Filed under: Hunter, Mage, Analysis / Opinion, Blizzard, Instances, Raiding

WoW Insider Show Episode 102: Stupid big-tongues

We had a terrific time (as always) on the live podcast last Saturday afternoon, as Zach Yonzon, Mike "Belfaire" Sacco, and Turpster and I sat down to talk about the most popular stories in the World of Warcraft. Of course patch 3.2 was at the forefront of our minds, and we chatted about what each of us was most interested in, from the new BG to the 5-man Trial instance. And we got a little bit of discussion in about the various classes and roles they play in instances.

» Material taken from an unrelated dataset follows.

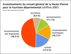Le montant des investissements du conseil général pour le tourisme départemental s'est élevé à 3 931 000 €, en se répartissant comme suit (en milliers d'euros)[1] :

Of course we answered your emails as well -- we talked with Michael Sacco about the "Additional instances can't be launched" issue that's going around (that I got hit with for the first time yesterday, actually), and a reader emailed us about BRK's gun -- so awesome to see our friend get recognized, and deservedly so. It was an excellent show, in my humble opinion, and a great way to squeeze a week's worth of WoW news into just one hour.

This week, the podcast will be at a special time -- we'll be going live on Thursday at 1pm Eastern. That's a little earlier than we usually do it, but it should give our friends overseas a chance to tune in when they might not have been able to before (and if you can't make it live, don't worry, the recording will be in iTunes soon after). See you then!

Get the podcast:
[iTunes] Subscribe to the WoW Insider Show directly in iTunes.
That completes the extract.